Sunday, May 13, 2012

Mother's Day


 I’m homesick today. And I don’t know how to write about it with some emotive voice that makes this blog post sound cohesive and retrospective. The fact is, it’s Mother’s Day, and I have been mothered by a lot of amazing women in my life. Women who have treated me like their own. Laughed with me. Cried with me. Given me advice. Sternly suggested I take a different path. Reassured me when I thought I had no options. Throughout life, I’ve been taken under the wing on countless occasions by my grandmothers, my friends’ mothers, my teachers, aunts, and host mothers from two different countries. They have all, in some part, helped to raise me into the woman I am today. The part that has me so baffled as I sit here typing, is that upon reflection, I realize that each cared for me intrinsically. What sort of social capital could I, as a 4-year old, have provided in return for Mrs. Armstrong’s lessons of love for your brother when some kid in class was mean to me?

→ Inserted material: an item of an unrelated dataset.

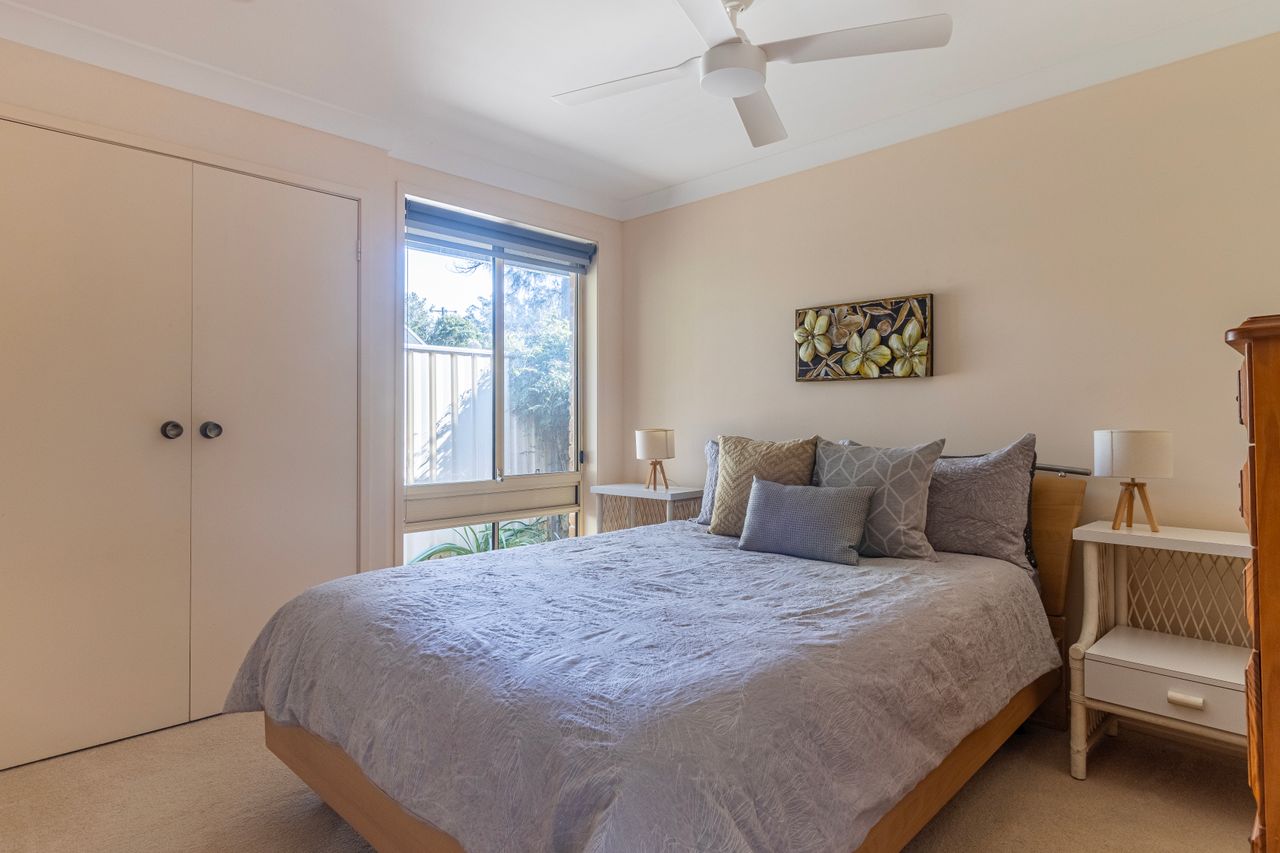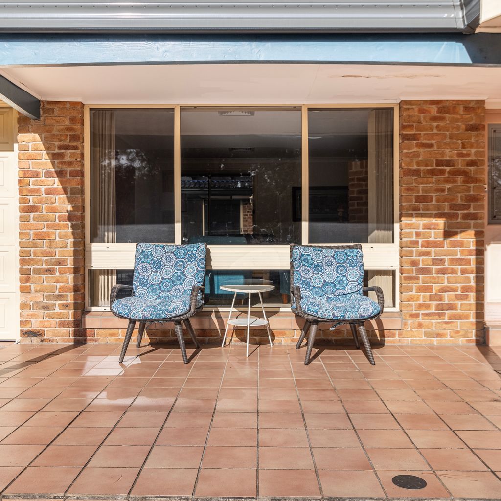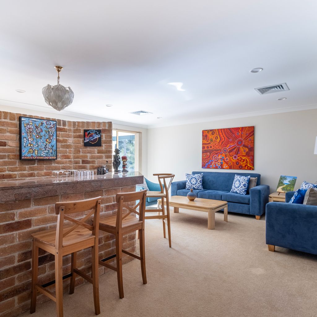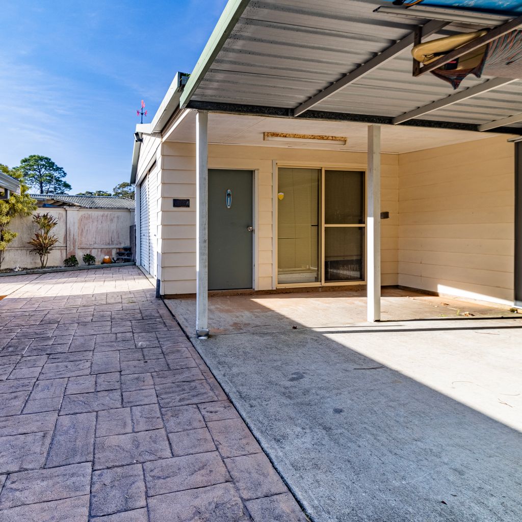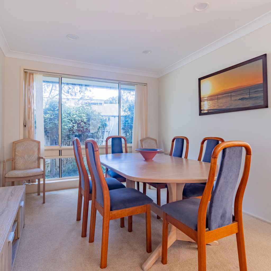As you arrive at Berrara Breeze, you'll enter through the side gate, where you're greeted by a welcoming patio furnished with an outdoor lounge and dining table—an ideal spot to unwind after a day at the beach or out on the water. A large ceiling fan ensures comfort during warm summer days.

What other than the purest of intentions urged my Eej from Orkhon to lovingly wash my hair for me? And my second mothers: those of my friends’ whom I have visited even when their kids aren’t home. We weren’t of any blood relation. What made them so invested in me? I just don’t know what I could ever do for these women, all of my mothers, that would repay anything they have done for me. And I realize that love doesn’t work in  that reciprocal gift-giving sort of way. So I am just going to try and say thank you. To every woman who has mothered me, in however insignificant a moment it may have seemed. I am overwhelmed by your selflessness.

And to my own mother: I can only hope to be half the woman you are. Everyone who knows you can attest to your strength and heart. I don’t know how you can love so intensely, but I hope to learn. Thank you for raising me with courage, and for letting me stretch your heart across an ocean. When I was younger, I thought things changed between a kid and her mom once she became an adult. I’m glad I was wrong. I guess that’s why that dumb children’s book makes me so emotional these days. It’s true: “I’ll like you forever, I’ll love you for always. As long as I’m living, my mommy you’ll be.”